Nutrient needs in adults change with age, and it's increasingly recognised that elderly – and also possibly middle-aged – people need more protein than younger adults. Because of changes in your metabolism, you need a larger 'dose' of protein to stimulate the muscle building process. Inadequate protein is linked with loss of bone mass (osteopenia and osteoporosis) and muscle wastage (sarcopenia), and also affects immunity and wound healing.
How much do middle-aged and older adults need?
The Nutrient Reference Values for Australia and New Zealand recommend 0.75 g/kg for adult women and 0.84 g/kg for adult men. At 70, however, this increases to around 1 gram (1.07 grams per kilogram for men and 0.94g per kilogram for women).
But it's likely the optimal protein intake for adults over 50 may be higher than the current recommendations, with research suggesting that levels of 1 to 1.3g/kg would meet the protein needs of middle aged and older adults while avoiding issues of too much protein, such as kidney and liver problems, and loss of calcium.
However, just as protein needs of older adults increase, the amount of food eaten tends to decrease: less physical activity and changes in taste and smell reduce appetite, food may be harder to chew and swallow, and cooking habits may also change, especially for those living alone. Unless a conscious effort is made to ensure there's adequate protein, people may not get enough to meet their needs.
Marketers have cottoned on to this, and are promoting protein powders as a way for older people to ensure they're getting enough.
Added nutrients, added complexity
Some added nutrients may interfere with medications commonly taken by older people. Potassium, for example, interferes with ACE inhibitors (taken for blood pressure and heart failure), while vitamin K interferes with warfarin (a blood thinner). Other nutrients including iron, calcium and magnesium may interfere with certain antibiotics, thyroid medication, osteoporosis medication and/or other drugs if taken at the same time, so the advice is to take them several hours apart.
It's important to talk to your doctor when taking any supplements in addition to prescription medication.
Healthy ageing and sarcopenia
Sarcopenia is the loss of the amount and strength of muscle as we age. Starting from middle age, it accelerates at around 70 years of age.
Loss of muscle strength can impact heavily on quality of life, affecting mobility, increasing the risk of falls and fractures and making it difficult to perform daily activities – dressing, personal care, household tasks, shopping and so on. It's also linked with diabetes, because muscle plays an important role in blood glucose regulation.

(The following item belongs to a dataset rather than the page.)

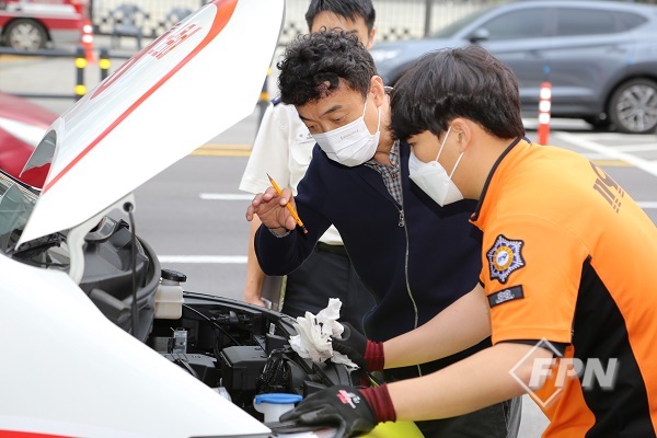 ▲ 서울소방 장비점검관과 함께 구급차량 엔진룸 관리실태를 살펴보고 있다.
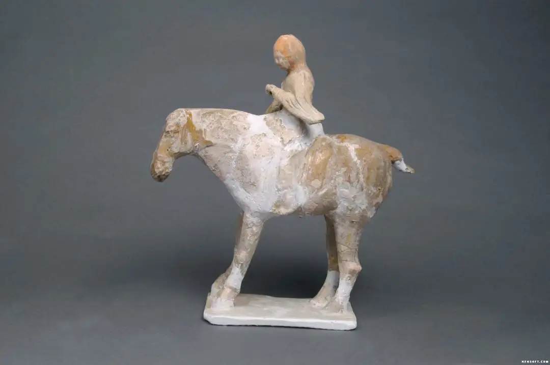 大家好,今天向大家分享的是唐三彩骑马男俑,红陶质,马四肢立于长方形踏板上,中心微靠后,马头微低,眉目不清,四肢粗壮,体格健硕,锥状短尾。骑俑头戴风帽,右臂直,左臂曲于胸前,手空拳,似牵缰之状。马施黄釉,俑、踏板素面,风帽涂虹彩。

However, it isn't inevitable and it is reversible – a program of strength training combined with adequate protein means you can successfully maintain and rebuild muscle mass.
Bottom line for 50-plus
Taking protein supplements isn't as effective as eating whole foods high in protein, because there are other nutritional benefits in whole foods that you don't get from protein alone. Most people get enough protein from a balanced diet.
However, for some people – especially frail elderly people who have little interest in eating – supplements could be the best option. Your doctor can give you a referral to a dietitian, and you may be eligible for a Medicare rebate.